Sept. 8 (Bloomberg) -- Taiwan’s dollar weakened for a fifth day, its longest losing streak since February, before U.S. President Barack Obama unveils plans to shore up a recovery in the world’s biggest economy. Government bonds declined.
Obama will propose injecting more than $300 billion into the economy next year, mostly through tax cuts, infrastructure spending and direct aid to state and local governments. Taiwan’s currency sank to its weakest level in more than four months as exchange data showed global investors sold $85 million more of the island’s stocks than they bought today.
“Concern about the global economy and Taiwan’s growth being dragged down is still the main theme,” said Henry Lin, a Taipei-based foreign-exchange trader at Taiwan Shin Kong Commercial Bank. “Everyone’s hoping Obama will deliver some good measures to save the U.S. economy.”

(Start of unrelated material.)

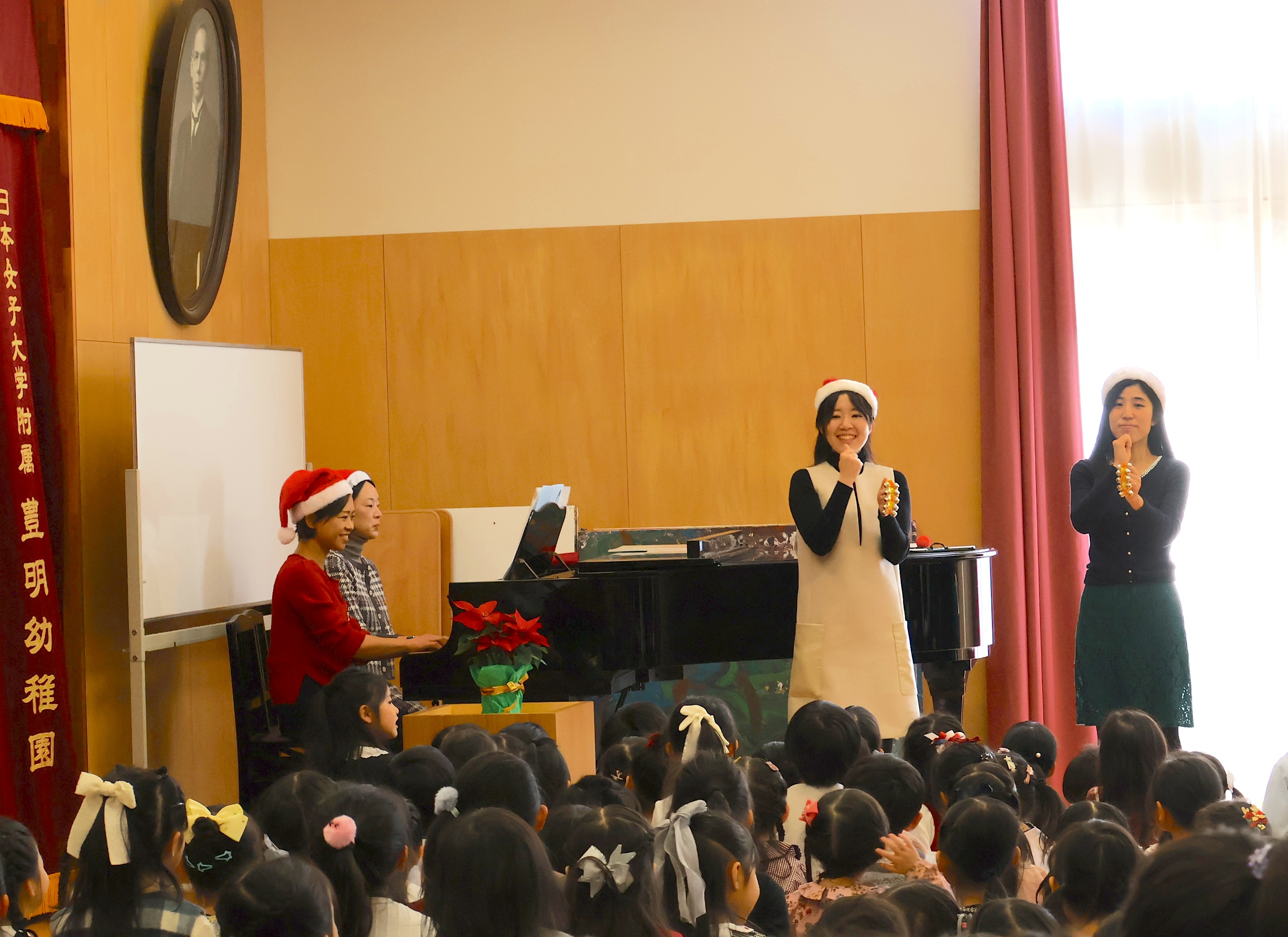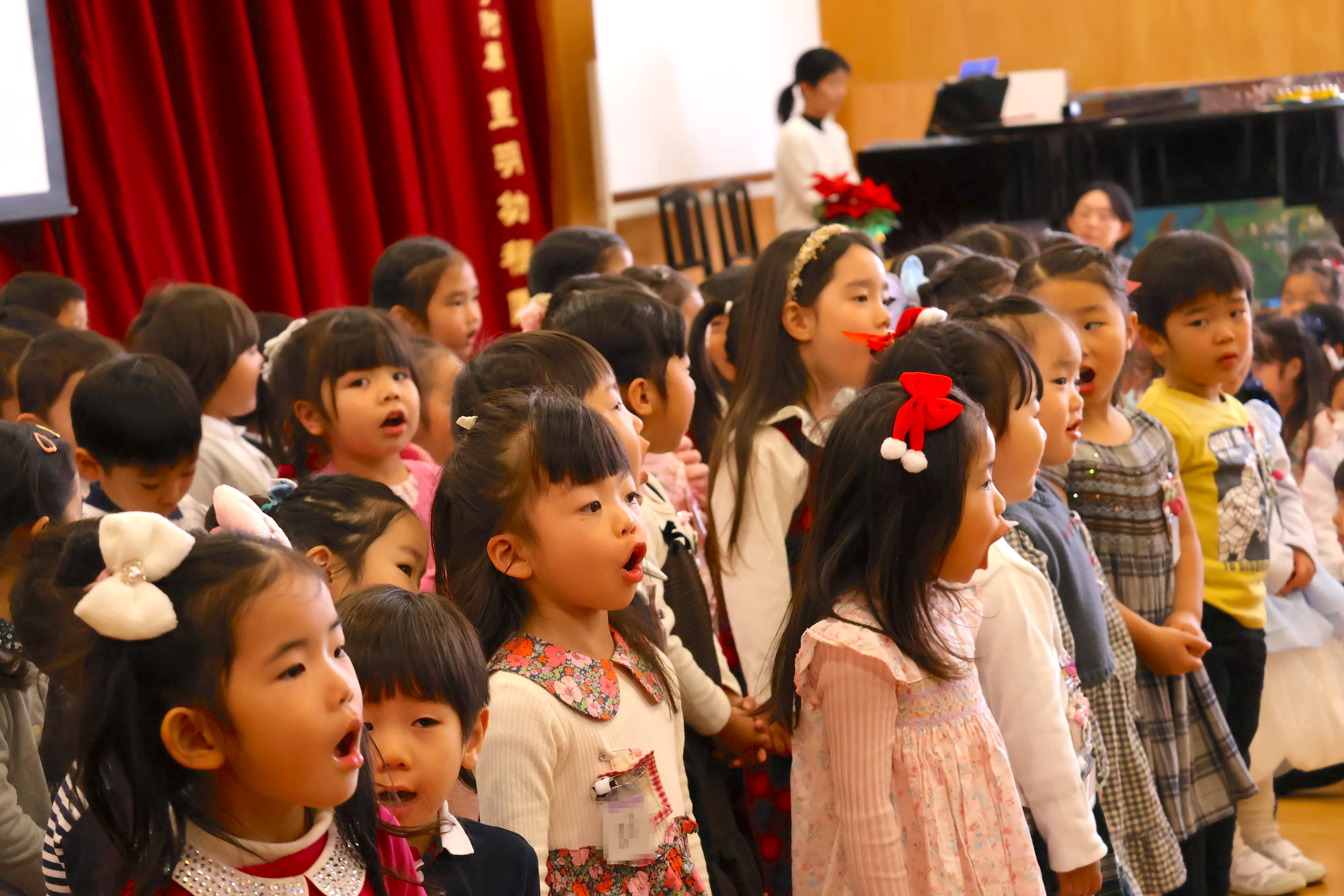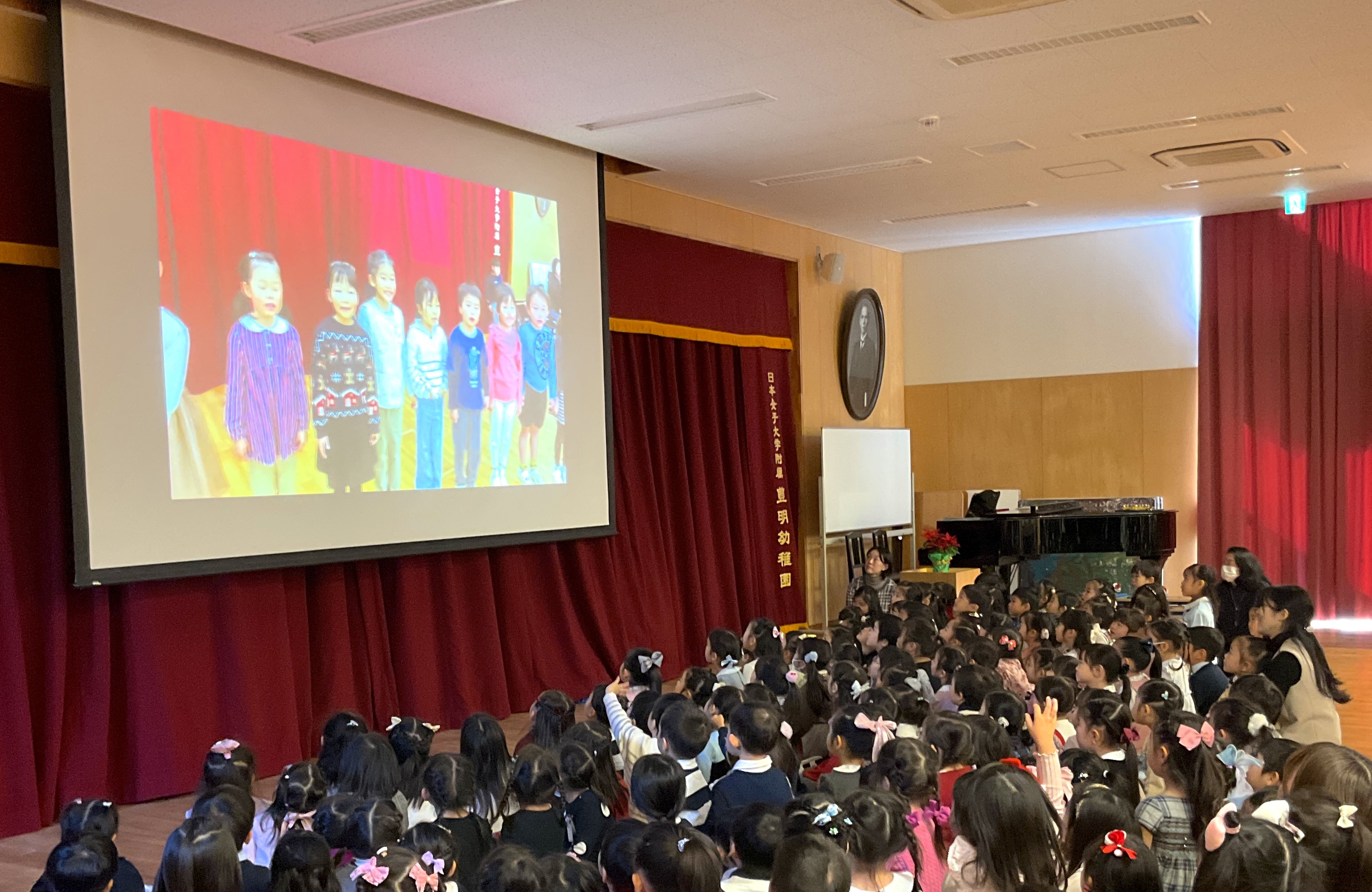 子どもたちは2学期の楽しかった遊びをみんなで振り返り、みんなで『豊明幼稚園のうた』や各学年ごとの歌を披露しました。みんな元気いっぱいで、それぞれの学年らしさが歌を通して生き生きと伝わってきました。

Taiwan’s dollar fell 0.1 percent to NT$29.15 versus its U.S. counterpart as of the 4 p.m. local close, according to Taipei Forex Inc. That’s the weakest level since April 19. Lin forecasts the local dollar will weaken to NT$29.30 by the end of the month.

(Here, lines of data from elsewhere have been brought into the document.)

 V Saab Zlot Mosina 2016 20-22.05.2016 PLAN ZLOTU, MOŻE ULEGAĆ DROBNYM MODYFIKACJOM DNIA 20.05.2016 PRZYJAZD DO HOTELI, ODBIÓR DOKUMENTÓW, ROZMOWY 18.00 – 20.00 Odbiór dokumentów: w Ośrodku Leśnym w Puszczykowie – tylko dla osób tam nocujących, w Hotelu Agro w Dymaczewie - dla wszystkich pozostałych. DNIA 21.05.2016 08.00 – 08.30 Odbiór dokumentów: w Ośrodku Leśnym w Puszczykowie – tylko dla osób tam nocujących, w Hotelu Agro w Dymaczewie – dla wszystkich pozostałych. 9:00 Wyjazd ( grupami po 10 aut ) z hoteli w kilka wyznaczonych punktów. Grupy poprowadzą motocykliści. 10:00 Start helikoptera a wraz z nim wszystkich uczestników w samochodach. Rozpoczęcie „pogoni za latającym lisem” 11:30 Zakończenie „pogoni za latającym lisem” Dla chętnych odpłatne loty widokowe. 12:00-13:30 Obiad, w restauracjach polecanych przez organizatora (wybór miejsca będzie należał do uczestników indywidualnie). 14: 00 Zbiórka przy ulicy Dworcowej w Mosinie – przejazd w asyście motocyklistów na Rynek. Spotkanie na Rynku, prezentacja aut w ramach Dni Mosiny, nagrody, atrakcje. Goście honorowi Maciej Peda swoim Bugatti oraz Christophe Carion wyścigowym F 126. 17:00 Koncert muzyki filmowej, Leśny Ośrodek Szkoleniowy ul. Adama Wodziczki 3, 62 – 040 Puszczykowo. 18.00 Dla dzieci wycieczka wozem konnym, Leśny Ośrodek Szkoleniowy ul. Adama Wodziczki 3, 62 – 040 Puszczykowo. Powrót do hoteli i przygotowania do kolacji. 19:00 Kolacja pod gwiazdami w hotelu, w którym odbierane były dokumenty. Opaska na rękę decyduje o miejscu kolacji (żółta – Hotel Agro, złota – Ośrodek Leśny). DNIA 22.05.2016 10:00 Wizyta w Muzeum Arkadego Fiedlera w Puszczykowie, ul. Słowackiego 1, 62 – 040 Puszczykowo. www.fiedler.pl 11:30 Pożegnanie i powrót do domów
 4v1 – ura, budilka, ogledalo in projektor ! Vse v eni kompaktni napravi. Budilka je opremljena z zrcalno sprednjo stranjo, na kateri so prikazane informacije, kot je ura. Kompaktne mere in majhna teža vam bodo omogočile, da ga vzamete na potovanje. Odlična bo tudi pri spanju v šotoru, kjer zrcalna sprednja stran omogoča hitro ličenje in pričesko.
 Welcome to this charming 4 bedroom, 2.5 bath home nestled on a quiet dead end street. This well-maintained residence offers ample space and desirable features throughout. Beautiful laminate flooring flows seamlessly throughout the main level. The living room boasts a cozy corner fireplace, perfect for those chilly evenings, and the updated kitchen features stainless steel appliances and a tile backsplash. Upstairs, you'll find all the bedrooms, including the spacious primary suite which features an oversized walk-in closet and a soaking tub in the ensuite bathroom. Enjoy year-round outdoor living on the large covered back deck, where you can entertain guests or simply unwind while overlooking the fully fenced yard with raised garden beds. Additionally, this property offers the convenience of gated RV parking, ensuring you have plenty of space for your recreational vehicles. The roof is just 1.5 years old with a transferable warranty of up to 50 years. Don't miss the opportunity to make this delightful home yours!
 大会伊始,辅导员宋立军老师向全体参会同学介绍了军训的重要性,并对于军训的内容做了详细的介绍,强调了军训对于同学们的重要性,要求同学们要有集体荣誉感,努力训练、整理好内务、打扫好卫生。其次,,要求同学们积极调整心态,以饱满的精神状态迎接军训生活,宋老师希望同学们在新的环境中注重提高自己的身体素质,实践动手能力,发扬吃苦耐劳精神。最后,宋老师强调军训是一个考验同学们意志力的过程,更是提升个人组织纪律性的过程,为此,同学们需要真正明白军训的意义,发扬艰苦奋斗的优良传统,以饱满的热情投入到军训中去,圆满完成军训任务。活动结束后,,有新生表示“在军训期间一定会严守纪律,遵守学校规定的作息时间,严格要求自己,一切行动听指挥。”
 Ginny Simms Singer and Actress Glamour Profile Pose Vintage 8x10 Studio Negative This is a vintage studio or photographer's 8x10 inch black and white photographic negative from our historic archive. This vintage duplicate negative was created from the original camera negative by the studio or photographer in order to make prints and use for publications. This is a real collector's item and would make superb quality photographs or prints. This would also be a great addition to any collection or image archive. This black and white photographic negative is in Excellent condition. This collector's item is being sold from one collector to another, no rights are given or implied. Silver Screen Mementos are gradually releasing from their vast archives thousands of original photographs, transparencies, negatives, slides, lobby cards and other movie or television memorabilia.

The yield on the 2 percent bonds due July 2016, the most-traded government securities, gained 0.6 basis point to 0.96 percent, prices from Gretai Securities Market show.
The overnight money-market rate, which measures interbank funding availability, was steady at 0.396 percent, according to a weighted average compiled by the Taiwan Interbank Money Center.
Taiwan’s central bank last boosted its benchmark rate on June 30 by 12.5 basis points to 1.875 percent. The policy board is due to meet again on Sept. 29.